** Exercise prompt **
Wherever a picture sits, omit it. Output the rest of the listing exactly.

** Data **
• • • •
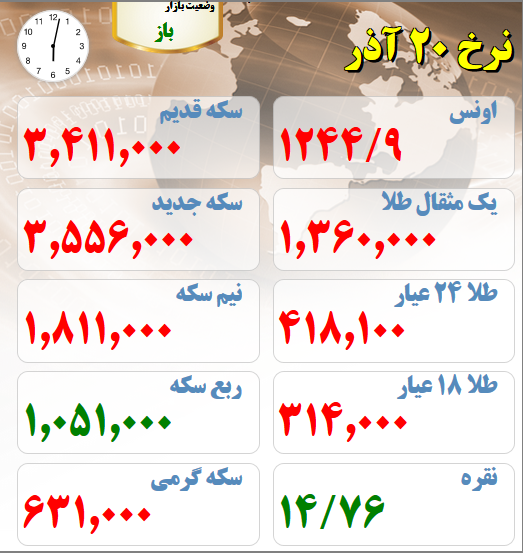 آخرین قیمت های بازار طلا و سکه20 آذر ماه قیمت های طلا و سکه بازار تهران تاریخ: ۲۰/آذر/۹۷ ساعت ۱۸:۰۰ | اقتصاد ایران شناسه خبر: ۴۹۴۸۲ منبع: سایت طلا خبر را برای من بخوان آخرین قیمت های بازار طلا و سکه 20 آذر ماه :
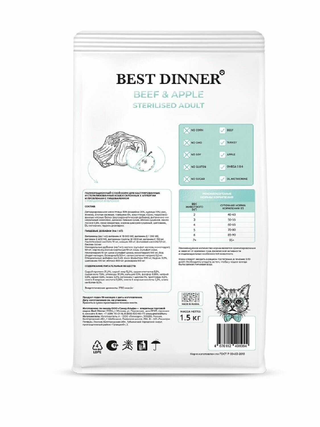 для стерил.склонн.к аллергии и пробл.с пищ. говядина с яблоком сух.400г Best Dinner Sterilised
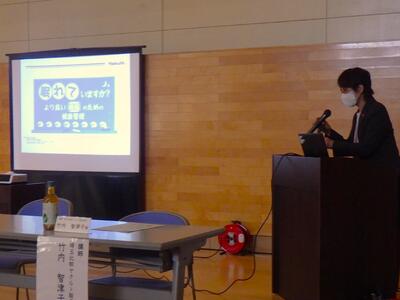 会の中では、定期健康診断結果や生活(睡眠)アンケートの結果報告を行ったほか、「眠れていますか?よりよい睡眠のための健康管理」をテーマに、竹内様より御講演いただきました。また、講演後には各校学校医・学校歯科医・学校薬剤師の先生方から専門的立場でのお話をしていただきました。
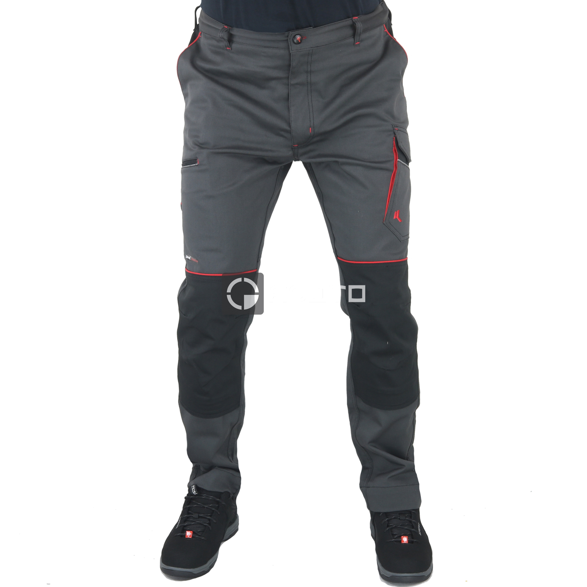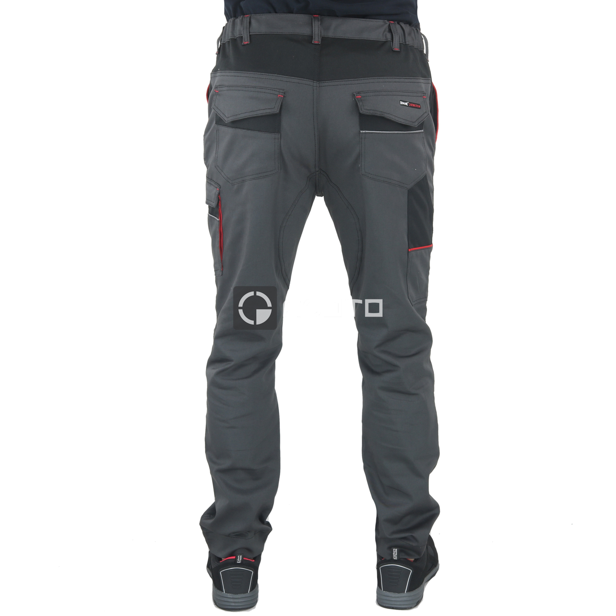 Elastyczne spodnie robocze z mieszanego materiału z dwiema przednimi kieszeniami, lewą kieszenią na nogawce, wysuwaną przednią kieszenią na telefon, dwiema tylnymi kieszeniami i jedną kieszenią na taśmę mierniczą.
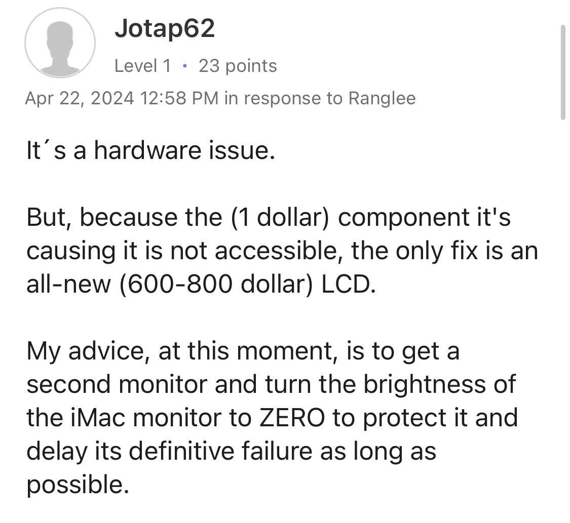 I tried to research teardown videos of the IMac 2021 and I think the author does have a point. The LCD screen was like screwed shut? It only has like 2 ports for the camera and screen itself from the outside. I haven’t seen a single video wherein they tried to open the screws from the LCD. So if you even want to know whats causing the problem, it’s impossible since it’s inaccessible.
• • • •
** Solution for this task **
 آخرین قیمت های بازار طلا و سکه20 آذر ماه قیمت های طلا و سکه بازار تهران تاریخ: ۲۰/آذر/۹۷ ساعت ۱۸:۰۰ | اقتصاد ایران شناسه خبر: ۴۹۴۸۲ منبع: سایت طلا خبر را برای من بخوان آخرین قیمت های بازار طلا و سکه 20 آذر ماه :
 для стерил.склонн.к аллергии и пробл.с пищ. говядина с яблоком сух.400г Best Dinner Sterilised
 会の中では、定期健康診断結果や生活(睡眠)アンケートの結果報告を行ったほか、「眠れていますか?よりよい睡眠のための健康管理」をテーマに、竹内様より御講演いただきました。また、講演後には各校学校医・学校歯科医・学校薬剤師の先生方から専門的立場でのお話をしていただきました。
 Elastyczne spodnie robocze z mieszanego materiału z dwiema przednimi kieszeniami, lewą kieszenią na nogawce, wysuwaną przednią kieszenią na telefon, dwiema tylnymi kieszeniami i jedną kieszenią na taśmę mierniczą.
 I tried to research teardown videos of the IMac 2021 and I think the author does have a point. The LCD screen was like screwed shut? It only has like 2 ports for the camera and screen itself from the outside. I haven’t seen a single video wherein they tried to open the screws from the LCD. So if you even want to know whats causing the problem, it’s impossible since it’s inaccessible.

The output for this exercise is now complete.